Major grant supports digital health innovation nationwide
Washington University School of Medicine in St. Louis is sharing a $25 million grant from the National Center for Advancing Translational Sciences, a part of the National Institutes of Health (NIH), to support the use of health data to move basic science discoveries into clinical care.
The collaboration, led by Oregon Health & Science University, also includes Northwestern University, University of Washington, Johns Hopkins University School of Medicine, Sage Bionetworks, Scripps Research Institute, the University of Iowa and the Jackson Laboratory. The new funding creates a National Center for Data to Health and brings together leaders in informatics among the more than 50 medical research centers in the NIH’s Clinical and Translational Science Awards (CTSA) program.
Washington University’s role, which is supported by a $2 million award, is led by Philip Payne, PhD, the Robert J. Terry Professor, and includes a collaboration between the university’s Institute for Informatics, the Health Systems Innovation Lab and the Institute for Clinical and Translational Sciences (ICTS).

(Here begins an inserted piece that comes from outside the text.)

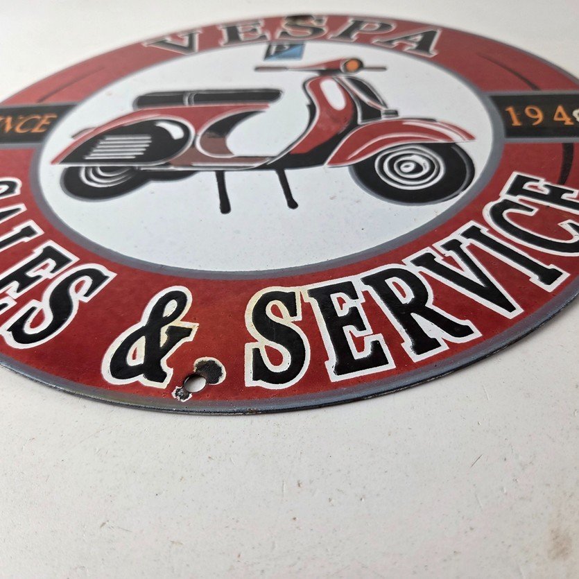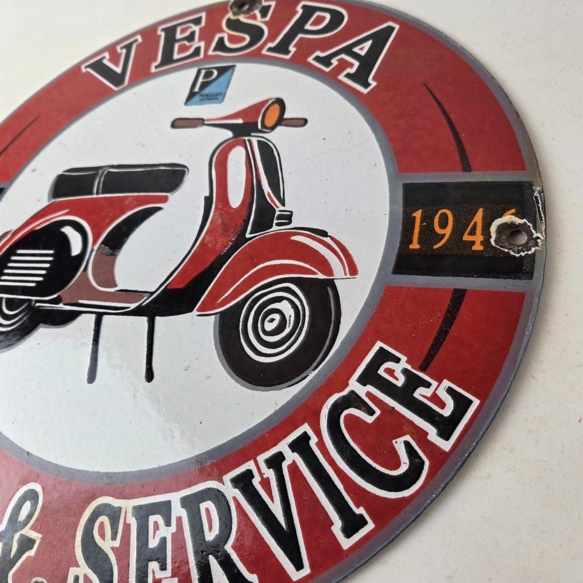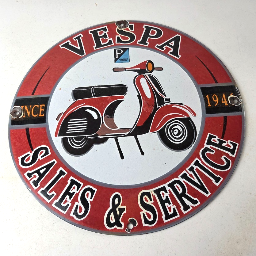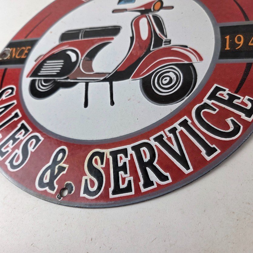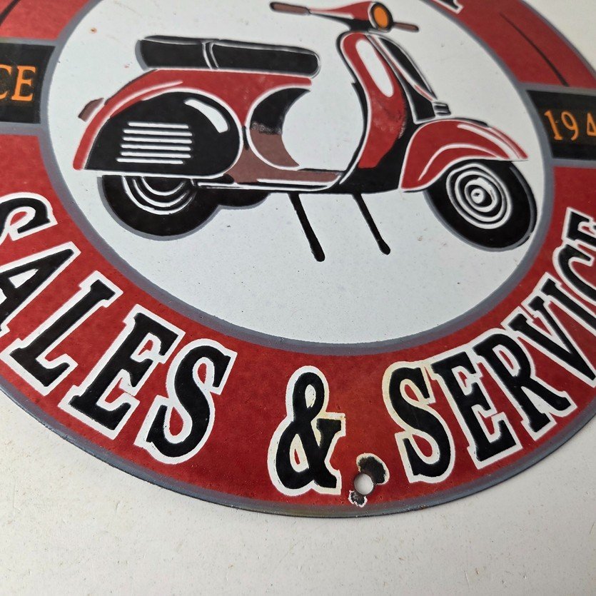 This sign will enhance your mancave, collection, shop, or garage. It is your chance to own a piece of Vespa advertising.

“By creating a data commons that supports open science and innovation at a national level, our Institute for Informatics can help to re-engineer the way in which high-impact and data-intensive research is conducted throughout the CTSA consortium,” said Payne, founding director of the School of Medicine’s Institute for Informatics. “Ultimately, this platform will support a transition away from traditional, and largely siloed research paradigms, toward a model in which data and tool sharing yields research findings that are reproducible, rigorous and timely.”
Biomedical informatics scientists at the School of Medicine will design a novel platform to support the discovery of data and analytical tools across the NIH-supported hubs of clinical and translational research, helping to increase the efficiency of collaborative research programs nationwide and encourage the sharing and re-use of such resources.
“Washington University is part of a select group of institutions that will create new tools and methods to share data and techniques across institutions to more rapidly advance scientific discovery and the translation of discovery into prevention, diagnosis and treatment,” said Bradley A. Evanoff, MD, director of the ICTS.